Arga menatap gadis itu dari belakang dengan tatapan menyelidik, ia seperti mengenal cewek tersebut.
"Nanas?" panggilnya
Cewek itu refleks menoleh ke belakang, ia terkejut melihat Arga yang sudah menatapnya dengan tatapan sangat tajam. Ia sangat takut sekarang.
"Ikut gue!" Arga langsung menarik tangan Azwa, kini Arga terlihat sangat marah tidak seperti biasanya.
Azwa terus meringis karena Arga mencengkeram pergelangannya sangat kuat. "Arga lepasin! Sakit Arga!" ia sudah tidak tahan lagi, kini air matanya sudah keluar.

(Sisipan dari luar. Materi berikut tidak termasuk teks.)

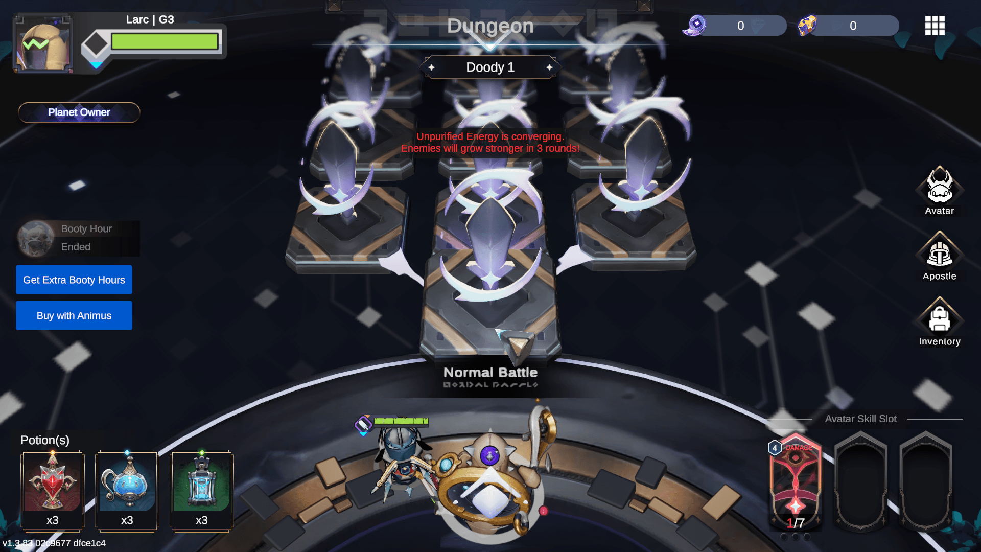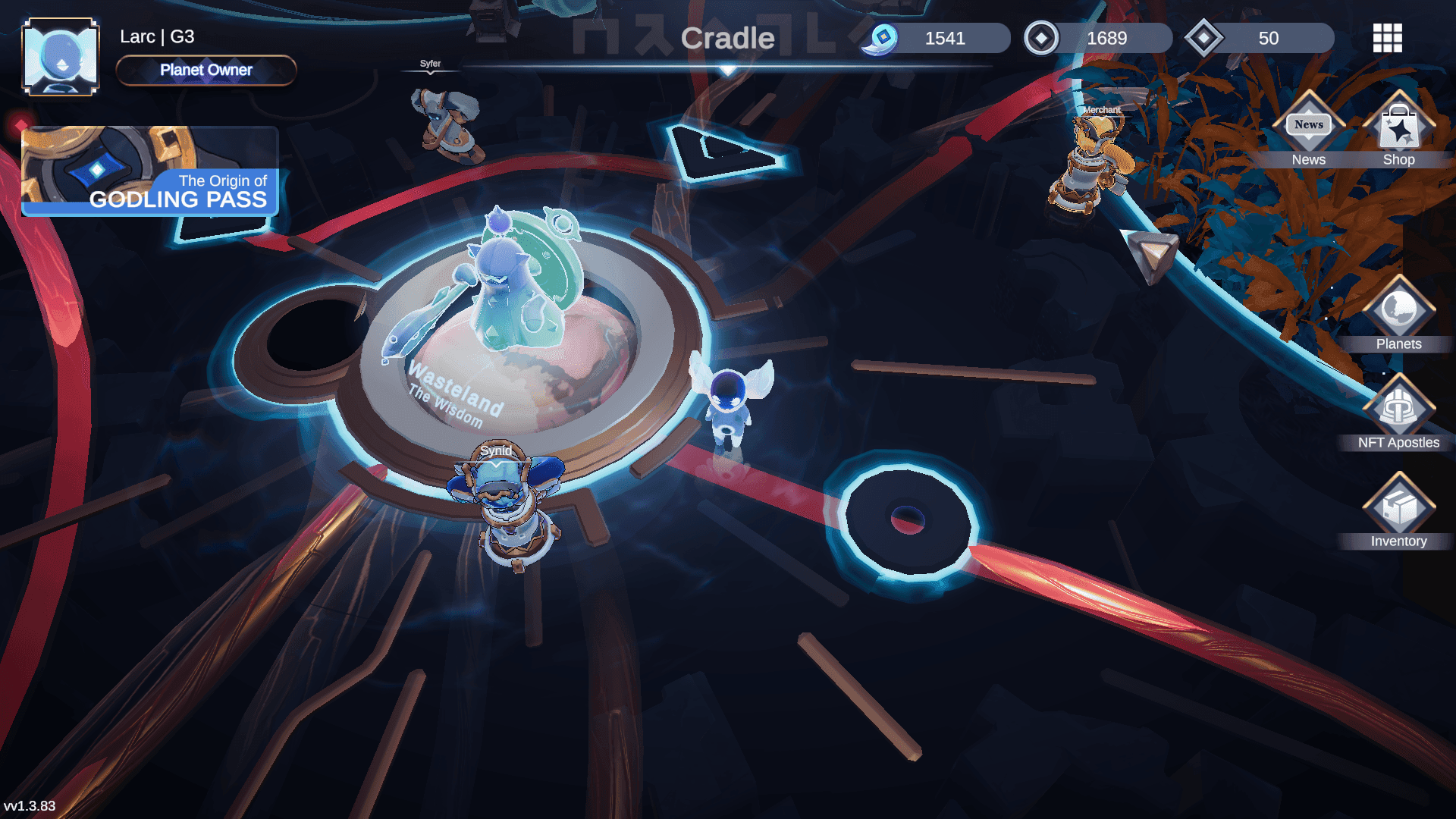 對於新玩家而言,遊戲會從一個易於理解的教學開始,介紹基本機制,例如操控化身、使用技能卡、了解使徒以及學習戰鬥方式。完成教學後,玩家將進入一個充滿 Doods 和其他 NPC 的中心區域,可以與之互動。這個中心區域作為主選單,玩家可以在此管理他們的星球(化身)、使徒,並進入遊戲模式。進入遊戲模式非常簡單,只需走向地城模式(PvE)或 PvP 競技場的傳送門即可。

Arga tidak mendengarkan itu, ia terus membawa Azwa ke kelasnya, dan setelah sampai Arga menghempaskan Azwa ke tempat duduknya. Seisi kelas terkejut melihat kejadian itu, kenapa Arga bisa semarah itu dengan Azwa?
Azwa tidak henti-hentinya menangis dan memegang pergelangan tangannya yang sangat merah dan perih. Ia terus menunduk tidak berani menatap wajah Arga yang kian berapi-api.
"SUDAH GUE PERINGATKAN, NAS! JANGAN COBA-COBA DATANG KE ROOFTOP! KALAU ADA MASALAH CERITA SAMA GUE! GAK USAH JUGA PERGI KE SANA! GUE NYARIIN LO DARI TADI!"
Azwa menutup mulutnya seakan tidak percaya bahwa yang didepannya ini adalah Arga. Arga yang biasanya selalu berkata lembut, tapi sekarang cowok itu membentaknya.
Arga menarik dagu Azwa, "Lihat gue Nas!"
Azwa memejamkan matanya erat, air matanya semakin deras mengalir. "Lo-
"Gue emang nyusahin banget ya orangnya, Ga." Azwa memberanikan diri balas menatap Arga. "Harusnya lo gak usah nyariin gue kalau itu bikin lo ribet."
"Nas." Arga menatapnya lembut. Emosinya mereda seketika mendengar ucapan Azwa. "Maaf, gue gak maksud bentak lo kayak tadi. Gue khawatir banget sama lo. Maafin gue, Nas." Arga memeluknya.
"Gak apa, Ga. Gue paham maksud lo. Sekarang lepasin gue." Azwa melepas tangan Arga yang memeluknya. "Gue butuh waktu sendiri dulu, Ga."
Arga mengacak rambutnya frustasi. "Arrgh!" Dia mengusap wajahnya kasar sambil mengembuskan napasnya. "Kasar banget sih gue!"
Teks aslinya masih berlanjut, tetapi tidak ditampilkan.